His father didn’t seem to hear him, so I swooped up the little tike and started for the house.

“I wa’ appasauce!” he told me, and I remembered the mess I’d not quite finished cleaning up. Maybe Sarah had gotten it. She’d stayed inside, and she was always extra good help. Which made me think of Rorey. The oldest Hammond girl still at home, she was supposed to be around here somewhere, but lately she was doing just as little as she could.

As if reading my mind, Harry yelled, “Hey, Rorey!”

I looked but couldn’t see her anywhere.

“Whatcha doin’ up a tree?” Harry laughed and then bounded on into the house with the milk pail, not too full, obviously, or it would be spilling all the way. Twelve years old and he still could hardly walk for running everywhere he went. He’d been a pill when he was younger, that was for sure.

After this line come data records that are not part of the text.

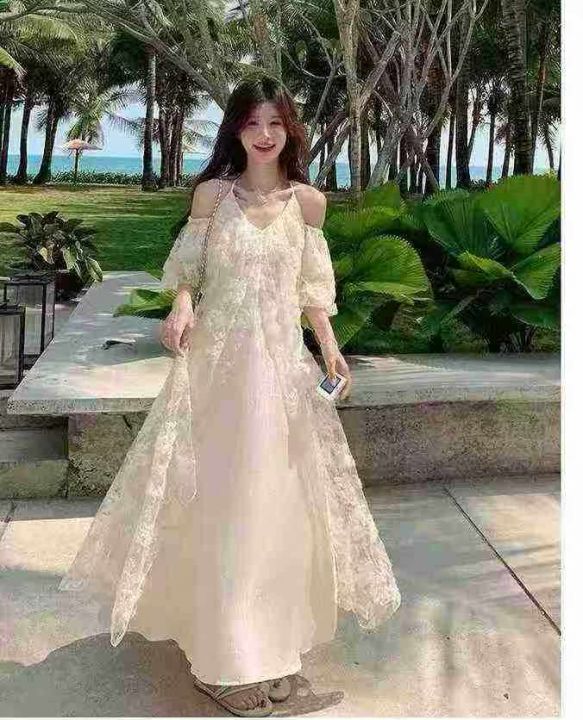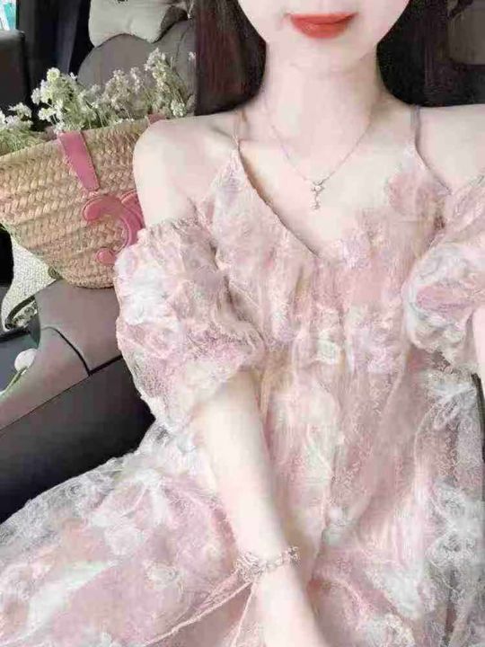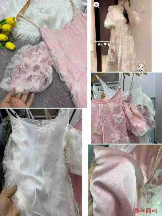 蝴蝶印花吊带连衣裙小仙女露肩宽松显瘦超仙气质长裙,独立包装,码数1-5码,数量140条,2码120厘米,大货粉色为主,货号1114#23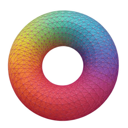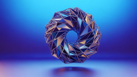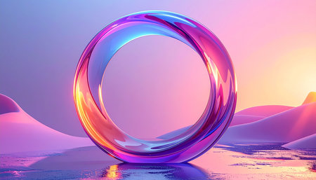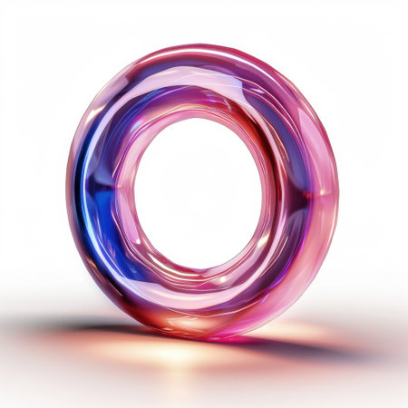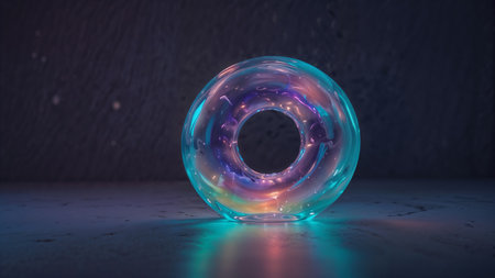A vibrant 3D donut shape floats above a digital background, creating a modern abstract artwork ideal for technology and creative themes.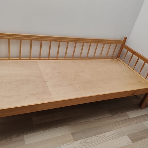 Puinen sivustalevitettävä puusohva. Yhteen kulmaan mäyräkoira tehnyt taideteoksen. Tästä kuva ja huomioitu hinnassa.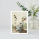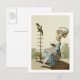 Young woman reading in a day dress with an elabora postcard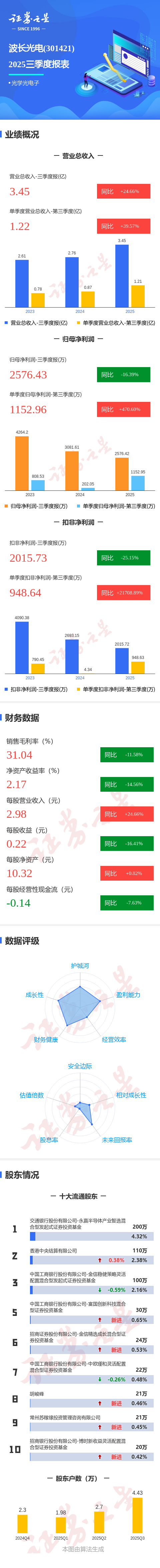 证券之星消息,波长光电2025年三季报显示,公司主营收入3.45亿元,同比上升24.66%;归母净利润2576.43万元,同比下降16.39%;扣非净利润2015.73万元,同比下降25.15%;其中2025年第三季度,公司单季度主营收入1.22亿元,同比上升39.57%;单季度归母净利润1152.96万元,同比上升470.61%;单季度扣非净利润948.64万元,同比上升21708.89%;负债率12.95%,投资收益504.46万元,财务费用-106.07万元,毛利率31.04%。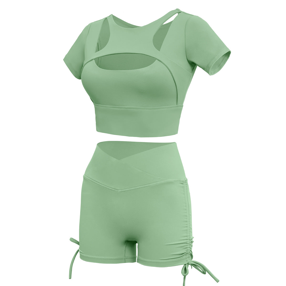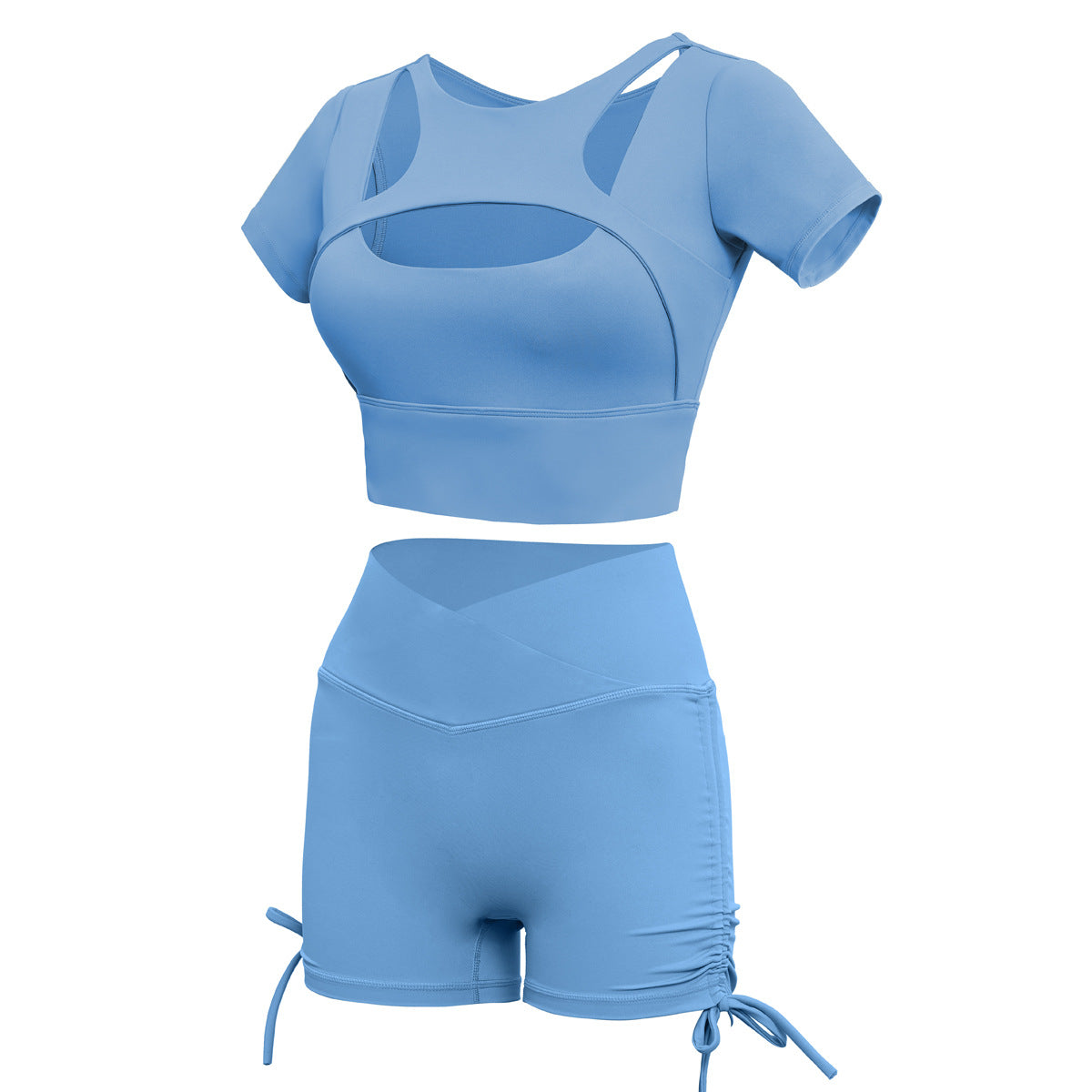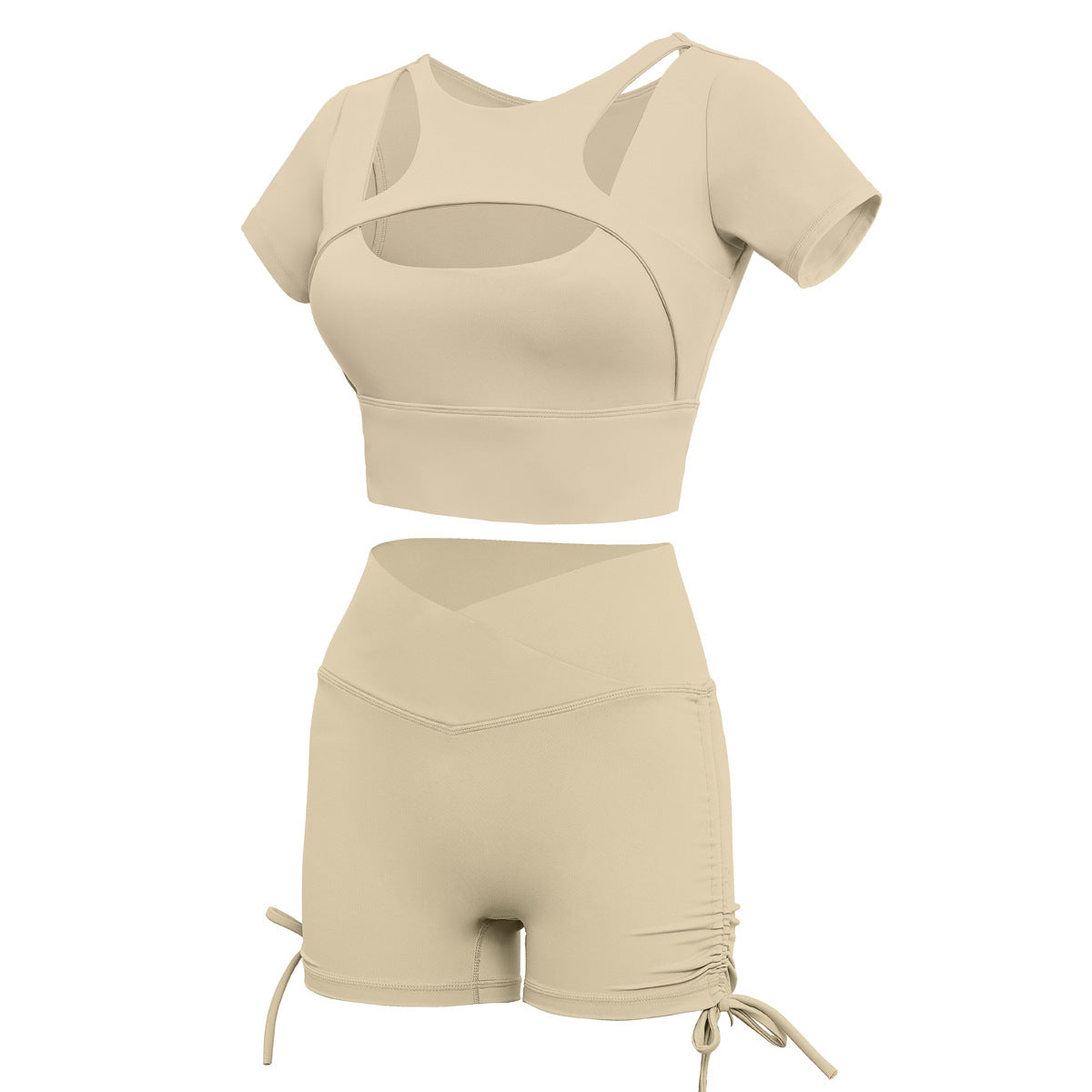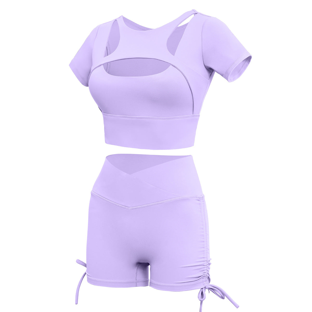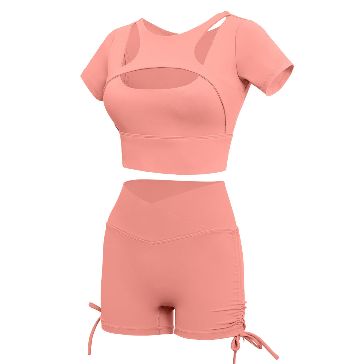 European and American sexy hollow short-sleeved yoga suit running sports top yoga T-shirt shorts fitness clothes yoga sets

“Looky! Looky!” Georgie screamed in my ear. Thanks to his pointing, I finally saw Rorey sitting two stories up in our sweet gum tree, a book across her lap. Her diary, almost surely. And she was writing in it, scarcely looking our way for all that was going on.

“Supper before long, Lord willing!” I called to her.

“Oh,” she said, barely loud enough for me to hear. “I’ll be down pretty soon.”

“I hope so.” I shook my head. A thirteen-year-old up a tree and paying the rest of us no mind. She’d better get down before her father arrived or she’d catch the dickens from him. But I didn’t feel like warning her.